▶ [DATASET EXCERPT]
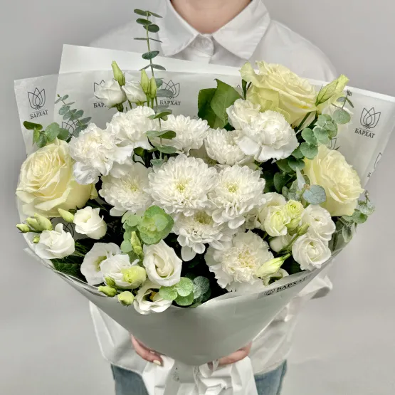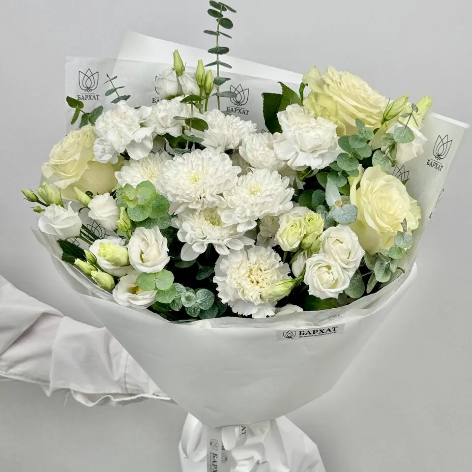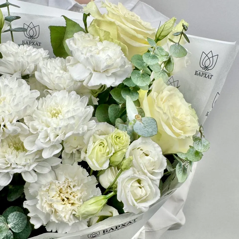 Мы стараемся собрать букет максимально похожим на фото. Возможны небольшие отличия в оттенках.
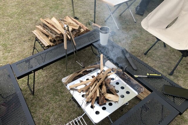 焚き火台やグリルをテーブルで四角く囲むスタイルです。 「テーブルがガード代わりになって安全」と言われますが、過信は禁物です。
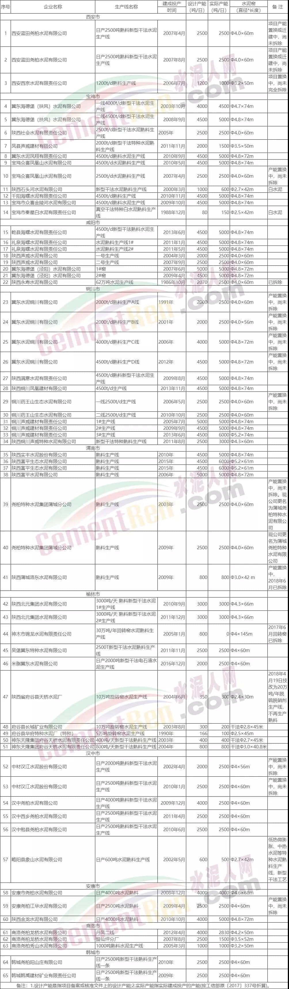 陜西省水泥熟料生產線清單

▶ [WHAT IS BEING ASKED] Every line above should be copied exactly, apart from any pictures.

▶ [SOLUTION TO THE EXERCISE]
 Мы стараемся собрать букет максимально похожим на фото. Возможны небольшие отличия в оттенках.
 焚き火台やグリルをテーブルで四角く囲むスタイルです。 「テーブルがガード代わりになって安全」と言われますが、過信は禁物です。
 陜西省水泥熟料生產線清單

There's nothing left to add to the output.